(Exercise input begins)
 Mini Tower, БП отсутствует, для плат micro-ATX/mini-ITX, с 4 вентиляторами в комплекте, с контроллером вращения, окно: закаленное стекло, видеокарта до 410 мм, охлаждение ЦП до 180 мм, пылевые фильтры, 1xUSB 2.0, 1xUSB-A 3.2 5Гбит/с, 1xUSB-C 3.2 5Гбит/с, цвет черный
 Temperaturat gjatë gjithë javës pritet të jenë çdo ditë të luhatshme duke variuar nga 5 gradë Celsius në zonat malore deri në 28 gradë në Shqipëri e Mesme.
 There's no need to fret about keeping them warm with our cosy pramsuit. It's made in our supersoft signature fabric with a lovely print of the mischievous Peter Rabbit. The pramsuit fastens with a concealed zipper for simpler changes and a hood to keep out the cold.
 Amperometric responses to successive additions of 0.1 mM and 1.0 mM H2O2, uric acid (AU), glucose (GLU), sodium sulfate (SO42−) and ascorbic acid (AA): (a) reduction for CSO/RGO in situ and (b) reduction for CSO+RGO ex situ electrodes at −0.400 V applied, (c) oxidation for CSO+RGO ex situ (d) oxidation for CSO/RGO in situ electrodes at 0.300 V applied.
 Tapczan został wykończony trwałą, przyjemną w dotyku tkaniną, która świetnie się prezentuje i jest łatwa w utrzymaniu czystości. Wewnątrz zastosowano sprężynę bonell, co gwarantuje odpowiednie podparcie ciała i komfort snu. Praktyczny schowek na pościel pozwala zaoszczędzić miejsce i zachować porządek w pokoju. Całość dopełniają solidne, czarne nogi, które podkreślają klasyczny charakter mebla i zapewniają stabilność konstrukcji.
(Exercise input ends)
Description of the task:
Reproduce only the lines between the line containing "Amperometric responses to" and the last line of the records, those two lines included, exactly.

Completed exercise:
 Amperometric responses to successive additions of 0.1 mM and 1.0 mM H2O2, uric acid (AU), glucose (GLU), sodium sulfate (SO42−) and ascorbic acid (AA): (a) reduction for CSO/RGO in situ and (b) reduction for CSO+RGO ex situ electrodes at −0.400 V applied, (c) oxidation for CSO+RGO ex situ (d) oxidation for CSO/RGO in situ electrodes at 0.300 V applied.
 Tapczan został wykończony trwałą, przyjemną w dotyku tkaniną, która świetnie się prezentuje i jest łatwa w utrzymaniu czystości. Wewnątrz zastosowano sprężynę bonell, co gwarantuje odpowiednie podparcie ciała i komfort snu. Praktyczny schowek na pościel pozwala zaoszczędzić miejsce i zachować porządek w pokoju. Całość dopełniają solidne, czarne nogi, które podkreślają klasyczny charakter mebla i zapewniają stabilność konstrukcji.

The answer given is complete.